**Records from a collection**
*** Begin section ***

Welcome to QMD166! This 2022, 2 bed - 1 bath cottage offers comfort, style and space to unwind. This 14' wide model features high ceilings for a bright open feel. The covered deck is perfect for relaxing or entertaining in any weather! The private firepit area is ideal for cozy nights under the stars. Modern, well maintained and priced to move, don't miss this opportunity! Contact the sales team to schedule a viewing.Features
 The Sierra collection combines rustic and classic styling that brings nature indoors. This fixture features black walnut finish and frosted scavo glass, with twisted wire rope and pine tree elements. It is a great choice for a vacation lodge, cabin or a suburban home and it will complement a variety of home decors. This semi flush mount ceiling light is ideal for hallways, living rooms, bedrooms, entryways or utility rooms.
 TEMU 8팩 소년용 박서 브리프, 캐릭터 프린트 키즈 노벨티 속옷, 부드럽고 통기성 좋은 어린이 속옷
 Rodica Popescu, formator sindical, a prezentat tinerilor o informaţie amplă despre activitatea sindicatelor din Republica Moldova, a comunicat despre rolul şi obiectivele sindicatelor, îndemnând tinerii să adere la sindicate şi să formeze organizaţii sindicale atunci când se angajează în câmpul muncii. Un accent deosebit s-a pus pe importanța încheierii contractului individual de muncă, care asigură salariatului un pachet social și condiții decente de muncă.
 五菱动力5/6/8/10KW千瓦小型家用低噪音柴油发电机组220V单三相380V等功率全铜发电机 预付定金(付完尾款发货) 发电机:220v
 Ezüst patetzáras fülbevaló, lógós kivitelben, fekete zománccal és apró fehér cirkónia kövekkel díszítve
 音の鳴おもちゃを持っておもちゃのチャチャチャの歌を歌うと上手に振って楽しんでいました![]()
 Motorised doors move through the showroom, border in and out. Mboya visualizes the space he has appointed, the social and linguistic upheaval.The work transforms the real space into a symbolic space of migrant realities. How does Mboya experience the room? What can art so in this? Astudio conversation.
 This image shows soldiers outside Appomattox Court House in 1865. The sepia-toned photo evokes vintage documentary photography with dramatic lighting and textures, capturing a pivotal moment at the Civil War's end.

*** End section ***

**Your instructions**
One number answers this exercise: the count of lines above in which the word "with" appears.

**Exercise solution**
2